Genealogical Societies

There are more genealogists than there are members of genealogical societies. Why do so many genealogists not join their local society? Is it because the societies are not meeting the researchers' needs? If so, how can a society and its members work together to meet the needs of more genealogists?

There are a number of reasons to join a genealogical society. There are an equal number of reasons not to join. Which is true of your local society?

  • A genealogical society, if it has a friendly, relaxed atmosphere, can be the ideal place to discuss findings and frustrations in the search for information. A discussion among members can result in suggestions for new avenues to try to break through those brick walls and to celebrate when gains are achieved.


  • The genealogical society can be a place to learn new technology to aid in research - where more knowledgeable persons assist others in learning. Without the acceptance of technological advances, the society may be considered out of date and backward.


  • The genealogical society can be a place where all members are free to express opinions and new ideas without fear of ridicule, reprimand or repercussion. "We have always done it this way and don't need to change" should not be the society's motto. A society that refuses to change to meet the needs of its members will not thrive and may not survive.


  • The society can be a place where all members are willing to serve in some capacity - as an officer, on a committee or to present a program - as all are working toward the good of the organization. The re-cycling of officers and committee members can lead to a re-cycling of the same old ideas and programs.


  • But what can you do for your local genealogical society?

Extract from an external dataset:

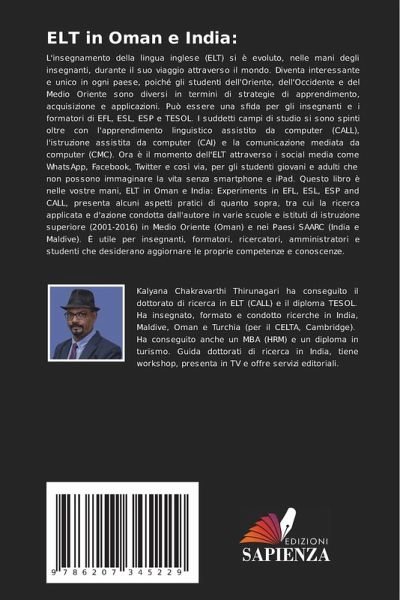 L'insegnamento della lingua inglese (ELT) si è evoluto, nelle mani degli insegnanti, durante il suo viaggio attraverso il mondo. Diventa interessante e unico in ogni paese, poiché gli studenti dell'Oriente, dell'Occidente e del Medio Oriente sono diversi in termini di strategie di apprendimento, acquisizione e applicazioni. Può essere una sfida per gli insegnanti e i formatori di EFL, ESL, ESP e TESOL. I suddetti campi di studio si sono spinti oltre con l'apprendimento linguistico assistito da computer (CALL), l'istruzione assistita da computer (CAI) e la comunicazione mediata da computer (CMC). Ora è il momento dell'ELT attraverso i social media come WhatsApp, Facebook, Twitter e così via, per gli studenti giovani e adulti che non possono immaginare la vita senza smartphone e iPad. Questo libro è nelle vostre mani, ELT in Oman e India: Experiments in EFL, ESL, ESP and CALL, presenta alcuni aspetti pratici di quanto sopra, tra cui la ricerca applicata e d'azione condotta dall'autore in varie scuole e istituti di istruzione superiore (2001-2016) in Medio Oriente (Oman) e nei Paesi SAARC (India e Maldive). È utile per insegnanti, formatori, ricercatori, amministratori e studenti che desiderano aggiornare le proprie competenze e conoscenze.

  • You can promote your society at area seminars and workshops. Be willing to stand up and relate the advantages of membership in your society. Go out of your way to invite prospective members to attend a meeting and introduce them to other members. A society will not survive without new members bringing fresh ideas and new ways of doing things.


  • Be willing to serve in whatever capacity you can. If you are unable to commit to serving as an officer or committee member, offer to help with publicity, present a program at a meeting, help with a mailing or submit an article for the newsletter or quarterly.


  • Volunteer to help beginning genealogists in the society. If they become frustrated, encourage them to try again to reach their goal. Offer suggestions of other ways to look at their genealogical problems.


  • Membership in genealogical societies in many areas is down. Unless the societies are willing to show that they are willing to grow and expand, membership will continue to decrease.


    Copyright on text and photographs
    by Brenda Joyce Jerome, CG
    Western Kentucky Genealogy Blog
    http://wkygenealogy.blogspot.com

    3 comments:

    Taneya said...

    Brenda -- you got me started! Please do let me know what you think? http://is.gd/bHTIx

    Kathryn Doyle said...

    Well said, Brenda. Will you consider writing for an edition of the Carnival of Genealogical Societies?

    Kim said...

    Brenda,

    I so agree with what you had to write. I believe that we are at a crossroads in which we need to accept and encourage the growth of the technological gifts that help us in our research yet still require us to utilize the libraries, and the gifts a society has to offer. Change needs to come in ordeer to marry the two together, and to encourage the involvement of the "younger?" crew to step up to the plate.